BEN KYLE'S ROMANTICA:  ABOUT THE MAKING OF SHADOWANDS AND THE DEBILITATING DISEASE THAT THREATENED THE ALBUM AND HIM.

“I had a significant dream before my solo album (self-named, 2012), that gave me permission to wait,” he recounts. “ I knew we were coming back.” Kyle then goes on to explain the significance of “timing” and “getting it right.”  

 

The band actually recorded an album prior to Kyle’s solo, which they later “canned.” “It didn’t feel great,” he confesses, “It didn’t feel right to muddy everything and put out material to the world that isn’t great.” Only a handful of that work would make it to Shadowlands.

 

This philosophy minimized the compulsion to produce an album for the mere sake of doing so. After all, in his ever “conscious effort to deflect such pressure” he aptly named his studio “Slow Studio” to remind himself that it was okay to take it slowly, or as he puts it, “to wait for the good stuff versus to just produce and consume.”

 

The songwriter offers a refreshing breath of fresh air in a culture that demands constant manufacturing of and incessant updates.

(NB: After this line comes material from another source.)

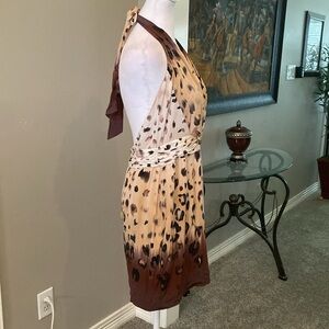 Bebe Elegant Silk Animal Print Leopard Halter Mini Juniors Dress size M
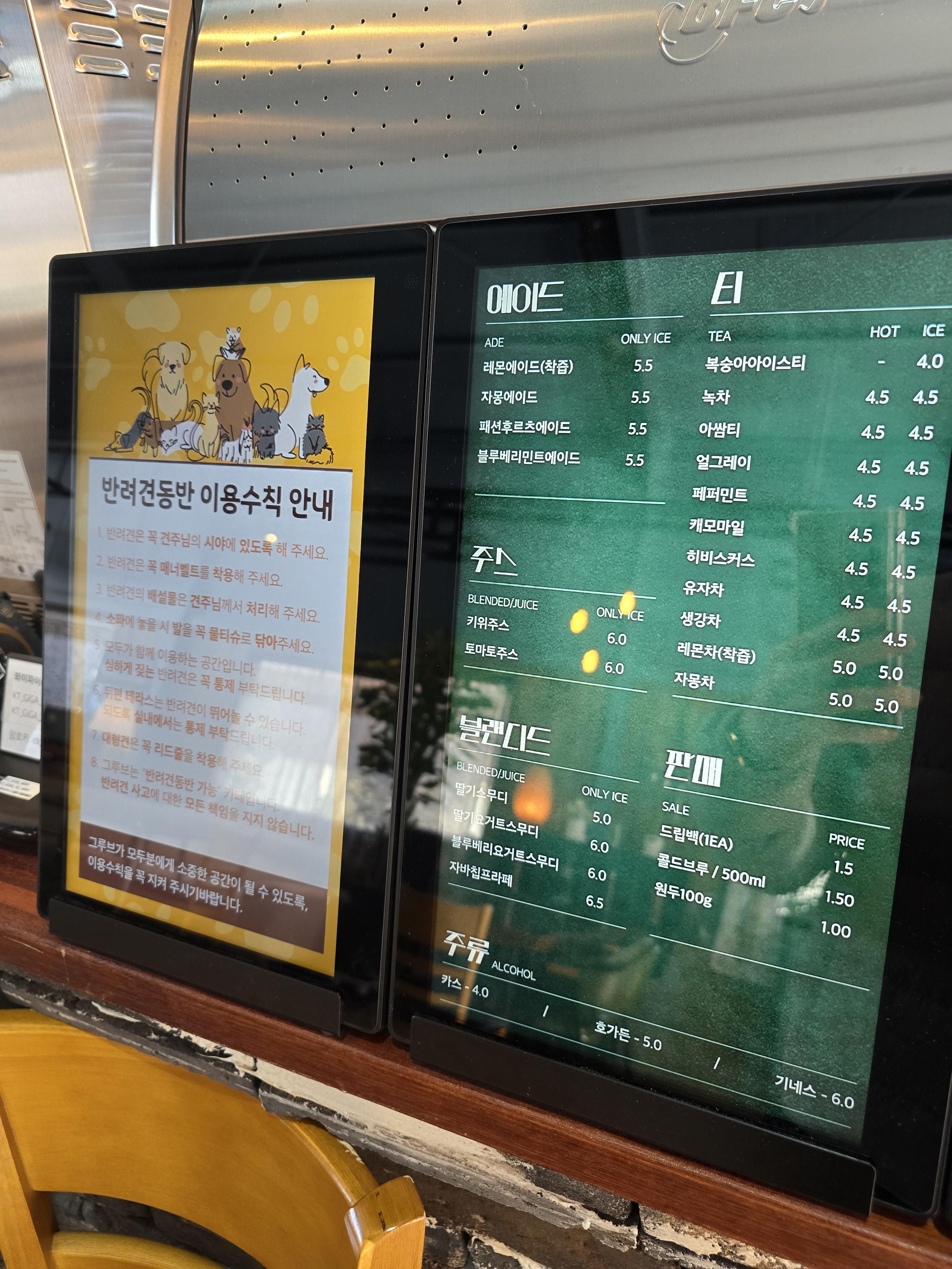바로 앞에서 하얀 멍뭉이 태리가 영업을 하고 있는 분위기와 커피 맛이 좋은 카페

Social media and online marketers demand that we tirelessly churn out new things in order to remain relevant. We see it in music, fashion, restaurants, etc. In music, thousands of EPs, singles, videos and albums are released daily. Ironically, however the multitude and variety, most are limited to the same overused chords. Meanwhile, lyrics often fall into either of two categories: the obscure or the absurd. So by patiently waiting for things to coalesce naturally, Romantica has allowed to happen what many of its contemporaries do not: proper, ample time to reach maturity. And with maturity comes wisdom.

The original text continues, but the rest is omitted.